FIG. 5 shows the relationship between the target electromigration resistance (EM resistance) and the required interlayer connection area (relative value) when n = 2. The connection can be designed. In addition, in FIG. 5, the portions marked with “X” are shown in FIG.
4 corresponds to the conventional example.

[0020]

As described above, according to the present invention, the current density from the upper wiring layer to the lower wiring layer is higher than the current density based on the total area of the first interlayer connecting portions energized from the lower wiring layer to the upper wiring layer.
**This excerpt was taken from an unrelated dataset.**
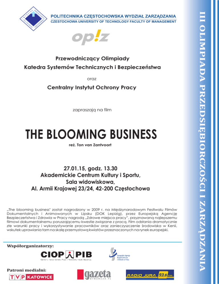 CZESTOCHOWA UNIVERSITY OF TECHNOLOGY FACULTY OF MANAGEMENT Przewodnicz¹cy Olimpiady Katedra Systemów Technicznych i Bezpieczeñstwa oraz Centralny Instytut Ochrony Pracy zapraszaj¹ na film THE BLOOMING BUSINESS re¿. Ton van Zantvoort 27.01.15, godz. 13.30 Akademickie Centrum Kultury i Sportu, Sala widowiskowa, Al. Armii Krajowej 23/24, 42-200 Czêstochowa „The blooming business" zosta³ nagrodzony w 2009 r. na Miêdzynarodowym Festiwalu Filmów Dokumentalnych i Animowanych w Lipsku (DOK Lepizig), przez Europejsk¹ Agencjê Bezpieczeñstwa i Zdrowia w Pracy nagrod¹ „Zdrowe miejsca pracy”, przyznawan¹ najlepszemu filmowi dokumentalnemu poruszaj¹cemu kwestie zwi¹zane z prac¹. Film ods³ania dramatycznie z³e warunki pracy i wykorzystywanie pracowników oraz zanieczyszczenie œrodowiska w Kenii, wskutek uprawiania tam na skalê przemys³ow¹ kwiatów przeznaczonych na rynek europejski. Wspó³organizatorzy: Patroni medialni: III OLIMPIADA PRZEDSIÊBIORCZOŒCI I ZARZ¥DZANIA POLITECHNIKA CZÊSTOCHOWSKA WYDZIA£ ZARZ¥DZANIA

Since the current density based on the total area of the energized second interlayer connection portion is reduced to prevent disconnection due to electromigration in the second interlayer connection portion, a highly reliable integrated circuit device can be realized. The effect can be obtained.

[Brief description of drawings]

FIG. 1 is a top view of a substrate showing a wiring structure according to an embodiment of the present invention.

FIG. 2 is a substrate top view showing a wiring structure according to another embodiment of the present invention.

FIG. 3 is a substrate top view showing an example of a conventional wiring structure.

FIG. 4 is a cross-sectional view of the substrate taken along the line X-X ′ of FIG.

FIG. 5 is a graph showing a relationship between a target EM resistance and a required interlayer connection area.

[Explanation of symbols]

24A, 24B, 34A, 34B: lower wiring layer, 28
A, 28B, 38A, 38B: upper wiring layer, 28a, 2
8b, 38a, 38b: interlayer connecting portions.

Claims (1)

[Claims] 1. A one or a plurality of first interlayer connecting portions through which a predetermined current flows from a lower wiring layer to an upper wiring layer, and the predetermined current flowing from the upper wiring layer to the lower wiring layer or a magnitude equal to this current. In an integrated circuit device having one or a plurality of second interlayer connecting parts through which a current flows, based on a total area of the second interlayer connecting parts rather than a current density based on a total area of the first interlayer connecting parts. An integrated circuit device having a small current density.